=== Begin Enclosure ===

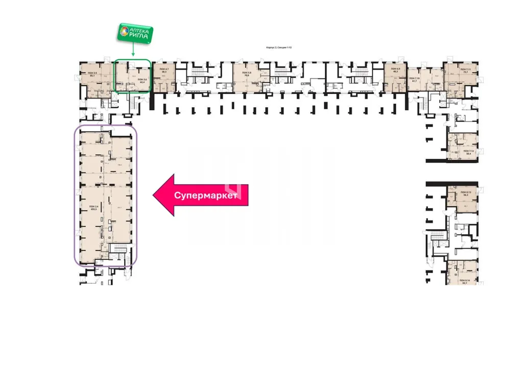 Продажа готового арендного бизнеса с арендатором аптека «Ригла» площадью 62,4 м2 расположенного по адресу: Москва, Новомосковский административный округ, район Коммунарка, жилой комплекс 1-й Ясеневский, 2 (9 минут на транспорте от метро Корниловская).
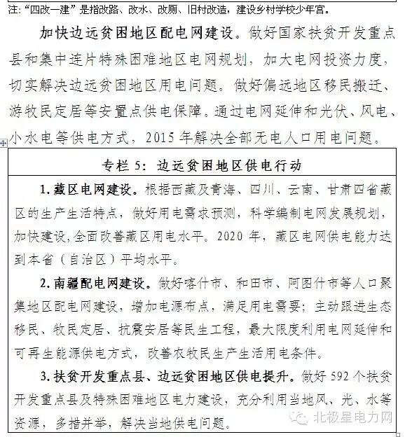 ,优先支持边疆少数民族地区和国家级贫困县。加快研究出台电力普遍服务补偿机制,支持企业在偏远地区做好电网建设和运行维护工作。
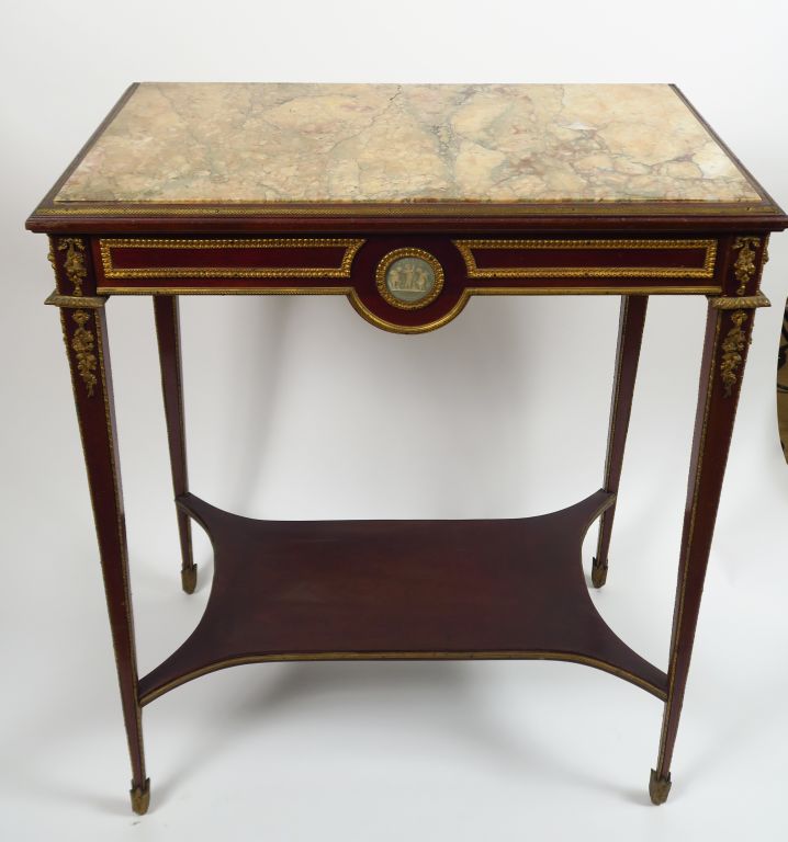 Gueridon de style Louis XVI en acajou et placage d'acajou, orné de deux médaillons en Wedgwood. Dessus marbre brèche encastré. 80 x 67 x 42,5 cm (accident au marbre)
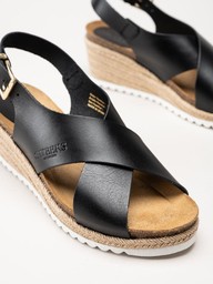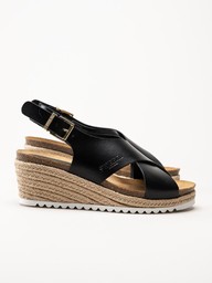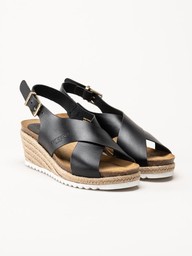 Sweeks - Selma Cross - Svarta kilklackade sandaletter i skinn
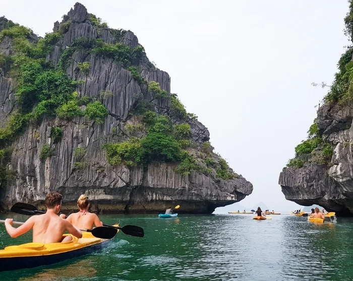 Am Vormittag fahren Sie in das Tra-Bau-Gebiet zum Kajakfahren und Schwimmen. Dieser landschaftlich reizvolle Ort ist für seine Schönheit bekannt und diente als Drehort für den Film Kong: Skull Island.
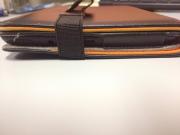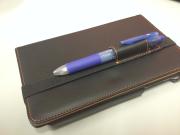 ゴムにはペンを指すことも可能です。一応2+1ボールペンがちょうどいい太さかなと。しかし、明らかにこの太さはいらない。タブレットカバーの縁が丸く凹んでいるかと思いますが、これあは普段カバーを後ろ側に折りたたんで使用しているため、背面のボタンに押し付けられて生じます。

=== End Enclosure ===

*PROBLEM STATEMENT*. Restate each entry exactly, omitting pictures.

*EXPECTED ANSWER*.
 Продажа готового арендного бизнеса с арендатором аптека «Ригла» площадью 62,4 м2 расположенного по адресу: Москва, Новомосковский административный округ, район Коммунарка, жилой комплекс 1-й Ясеневский, 2 (9 минут на транспорте от метро Корниловская).
 ,优先支持边疆少数民族地区和国家级贫困县。加快研究出台电力普遍服务补偿机制,支持企业在偏远地区做好电网建设和运行维护工作。
 Gueridon de style Louis XVI en acajou et placage d'acajou, orné de deux médaillons en Wedgwood. Dessus marbre brèche encastré. 80 x 67 x 42,5 cm (accident au marbre)
 Sweeks - Selma Cross - Svarta kilklackade sandaletter i skinn
 Am Vormittag fahren Sie in das Tra-Bau-Gebiet zum Kajakfahren und Schwimmen. Dieser landschaftlich reizvolle Ort ist für seine Schönheit bekannt und diente als Drehort für den Film Kong: Skull Island.
 ゴムにはペンを指すことも可能です。一応2+1ボールペンがちょうどいい太さかなと。しかし、明らかにこの太さはいらない。タブレットカバーの縁が丸く凹んでいるかと思いますが、これあは普段カバーを後ろ側に折りたたんで使用しているため、背面のボタンに押し付けられて生じます。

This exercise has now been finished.